I write songs, and often, I try to make commentary on the world around me (or inside me). When I read about the call for this week’s Make Cycle around systems thinking, I found myself struggling to push past game design from last week, where I also thought about systems design.
What came to mind as I re-read the CLMOOC post from our friends at the San Diego Writing Project was political systems, and how often they are broken. I was reminded of this last night as I was reading through and annotating A Letter to My Son by Ta-Nehisi Coates, as part of a Teachers Teaching Teachers webcast on race set for tomorrow (Wed) night. That piece in Atlantic, which is an excerpt from a new book, is a powerful reminder of how many of us are disenfranchised and removed from the systems of power and politics.
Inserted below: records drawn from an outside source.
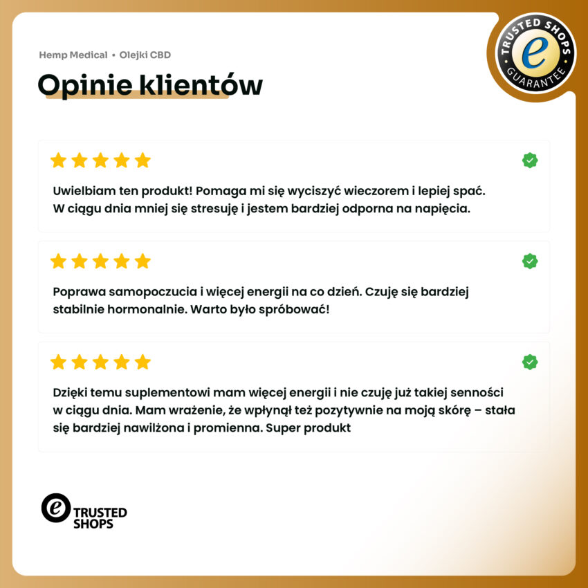 Najwyższej jakości “Złoty” olej, dodatkowo przebadany jest w laboratoriach.
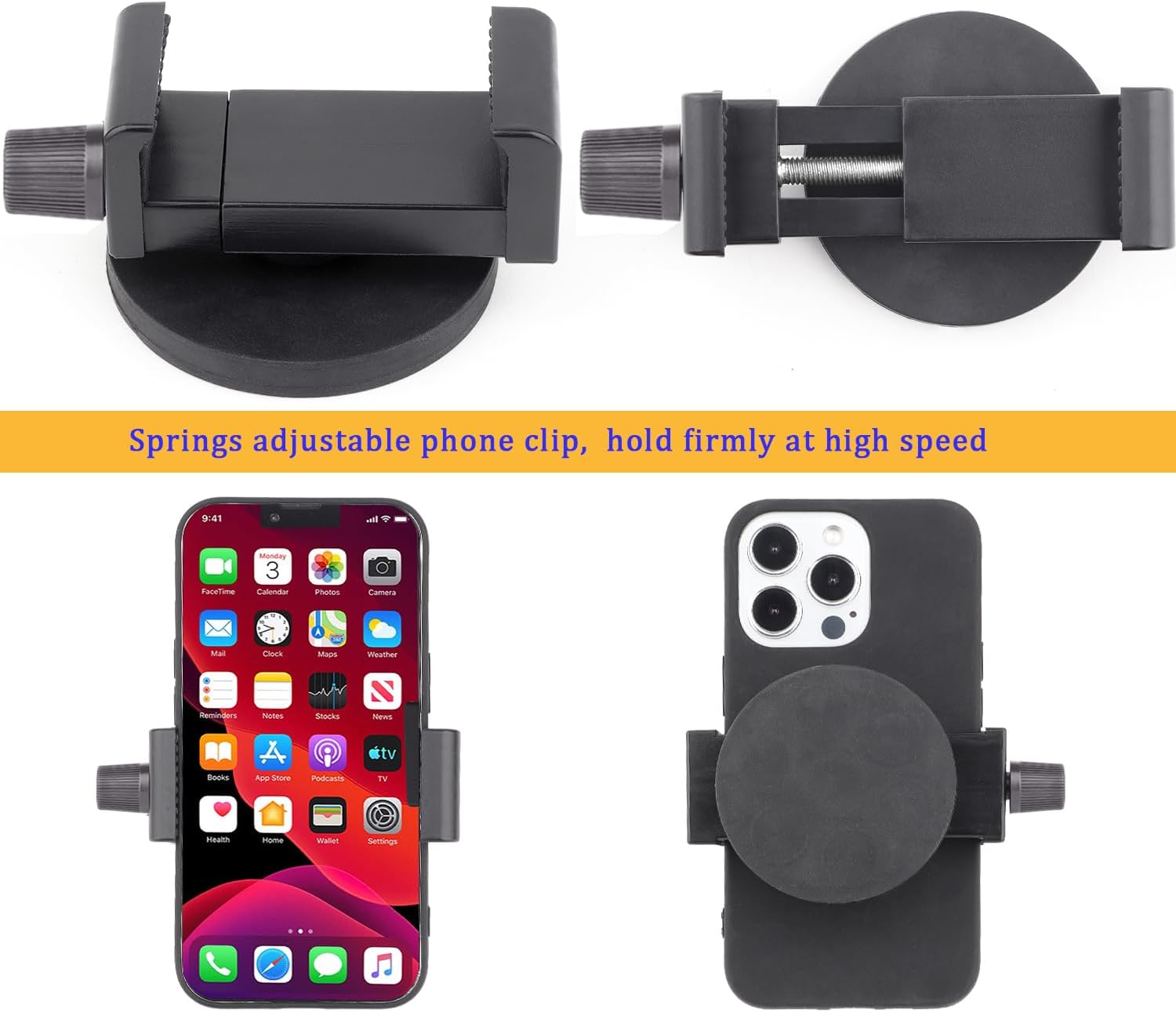 【Clamped Tighten】:Our phone clip are ABS and industrial springs material,equipped with built-in anti-skid rubber pad,phone clip can be adjusted from 2.1 to 4.2 in (3.5 ~7.5” phone diagonal screen) ,the cellphone was clamped tightly when adjustable button was locked,phone doesn’t slip from clip during shaking and bumping.
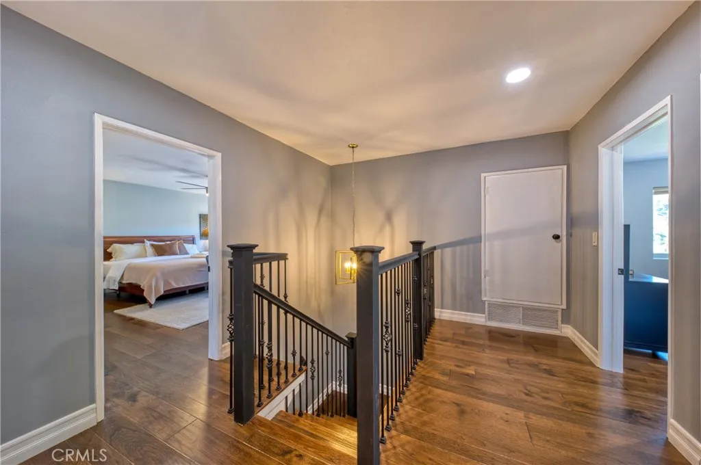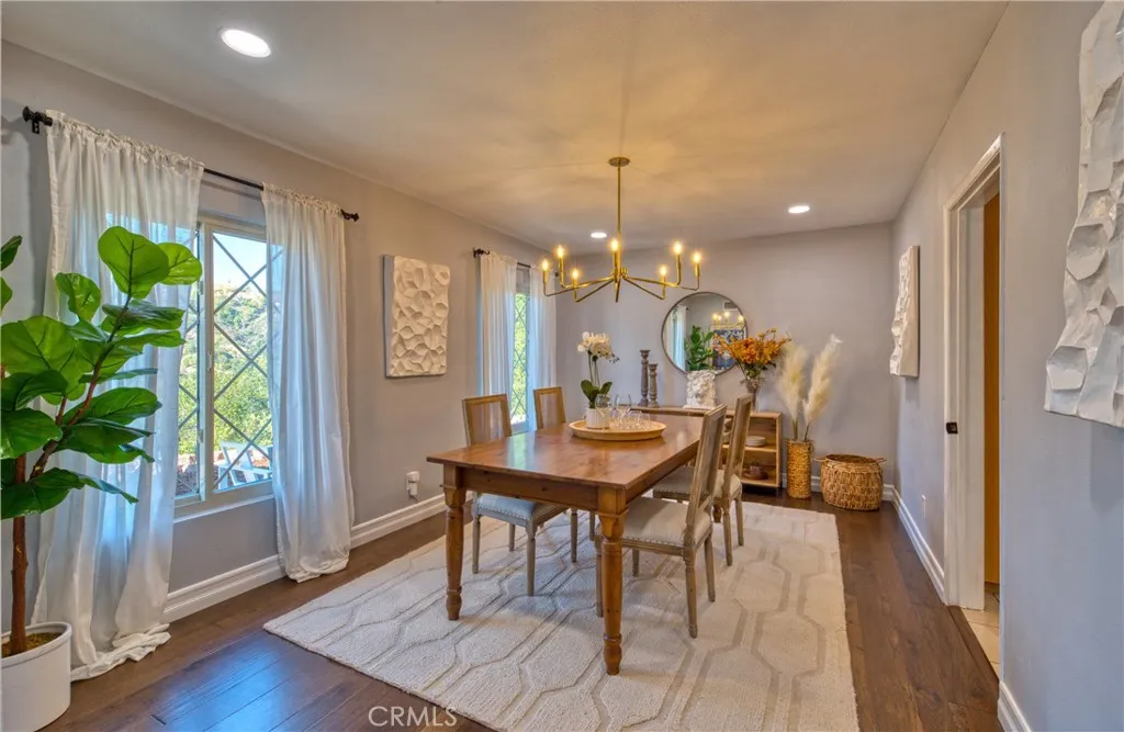 Presenting a single-family residence offering an elevated living experience, perfectly perched in the hills of Glendale. This two-level home is privately sited on a secluded cul-de-sac and affords gorgeous, panoramic views encompassing the golf course and sparkling city lights. The main level boasts a spacious living room highlighted by vaulted ceilings and an inviting fireplace, creating an atmosphere of sophistication and comfort. Adjacent is the formal dining room, featuring direct access to the private backyard, ideal for seamless indoor-outdoor entertaining. The kitchen is appointed with ample cabinetry and a dedicated breakfast area. The upper level is dedicated to the sleeping quarters, headlined by the primary bedroom suite, which includes a walk-in closets and an ensuite bathroom with convenient dual sink vanities. This floor also houses two additional well-sized bedrooms and a shared full bathroom. Further enhancing the property's appeal are essential modern amenities, including central air and heat and an internal laundry room. The home's exterior has been freshly painted. The outdoor space is a true highlight, providing multiple entertainment options on the property, all while enjoying the picturesque vantage point overlooking the golf course. This residence offers a rare combination of privacy, views, and functional living space in a premier Glendale location.
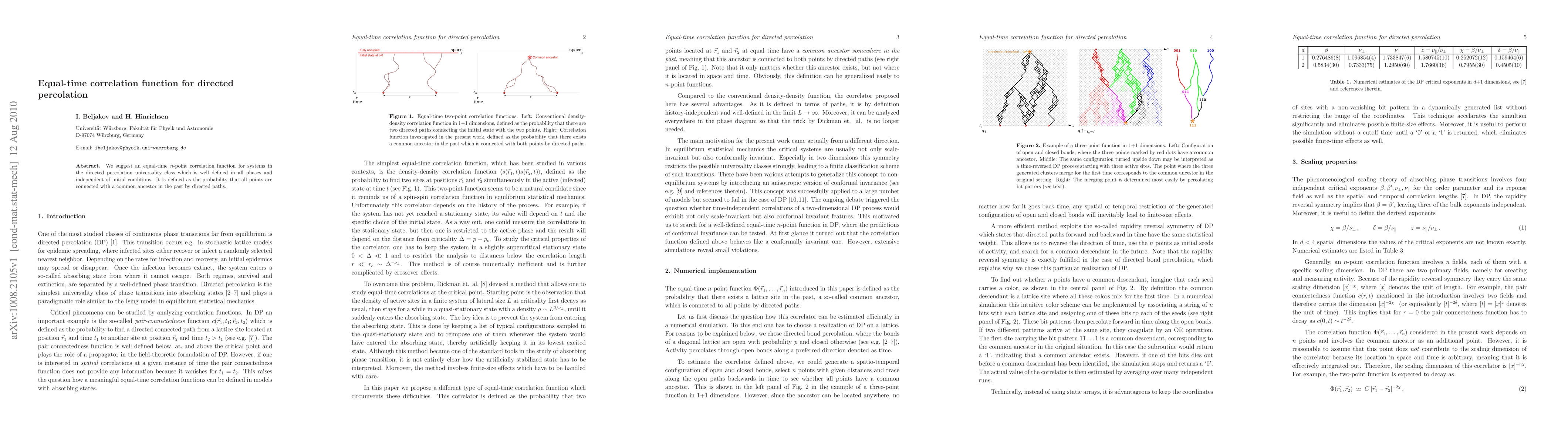 We suggest an equal-time n-point correlation function for systems in the directed percolation universality class which is well defined in all phases and independent of initial conditions. It is defined as the probability that all points are connected with a common ancestor in the past by directed paths.

All this brought me back to thinking about songwriting, and I was reminded of when Hurricane Katrina ravaged New Orleans and beyond, and how the storm laid bare the neglect and poverty of so many people, and how the system failed them in the time of greatest need. In the aftermath of Katrina, I wrote a song — Katrina Blows In — that tried to capture what I was seeing. My previous band recorded it, and then that band fell apart, so the song has sort of been left off to the side.
But I still think of it as song about a system that failed, and the underlying theme of people reaching out to help each other when the system does not work.